Scientific computing is becoming increasingly complex, both in terms of the difficulty of the problems to solve and the hardware used to solve them. State-of the-art systems have heterogeneous architectures, combining different types of processing units, such as GPUs and AI-based chips, to accelerate operations and reduce time to solution. With every new generation of machine, and especially the emergence of AI, software developers must adapt and port critical applications to optimize performance gains and achieve desired results. However, such modifications can result in errors that can adversely affect simulation outcomes.
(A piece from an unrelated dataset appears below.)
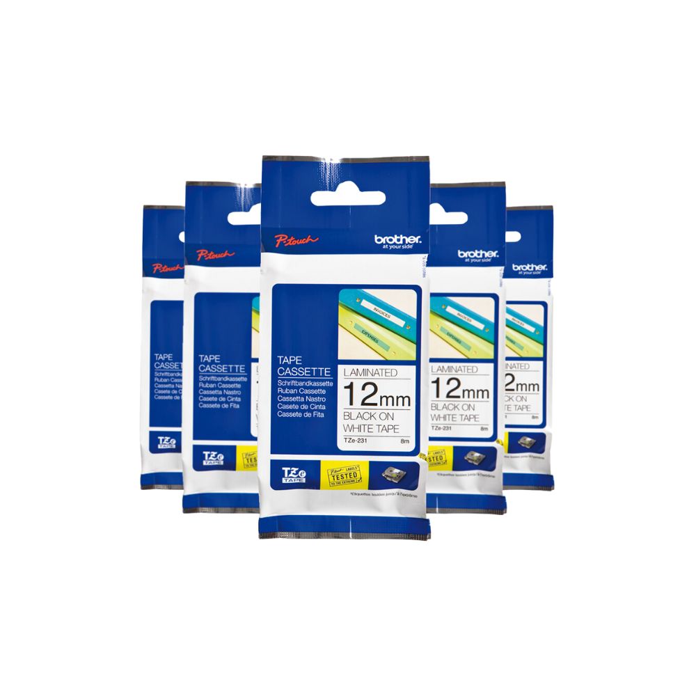 Kit com 5 Fitas para Rotulador Brother TZe-231, 12mm x 8m, Branco com Escrita Preta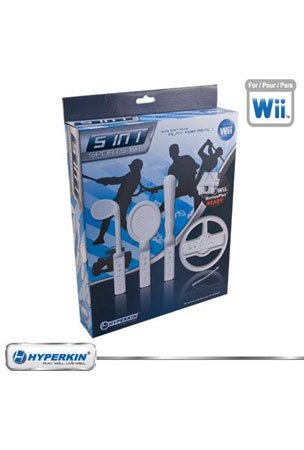 - Set includes: handle, racing wheel, baseball bat, golf club, tennis racket and replacement wrist strap

Livermore researchers are engaged in efforts to apply correctness—verifying that a system behaves according to its mathematical specification—and formal methods (tools for proving correctness) to improve the reliability, reproducibility, and accuracy of the Laboratory’s high-performance computing (HPC) codes. In 2025, two Livermore projects were awarded funding through the Correctness for Scientific Computing (CS2) initiative, a partnership between the Department of Energy’s (DOE’s) Office of Advanced Scientific Computing Research (ASCR) and the National Science Foundation, to pursue research avenues in this space.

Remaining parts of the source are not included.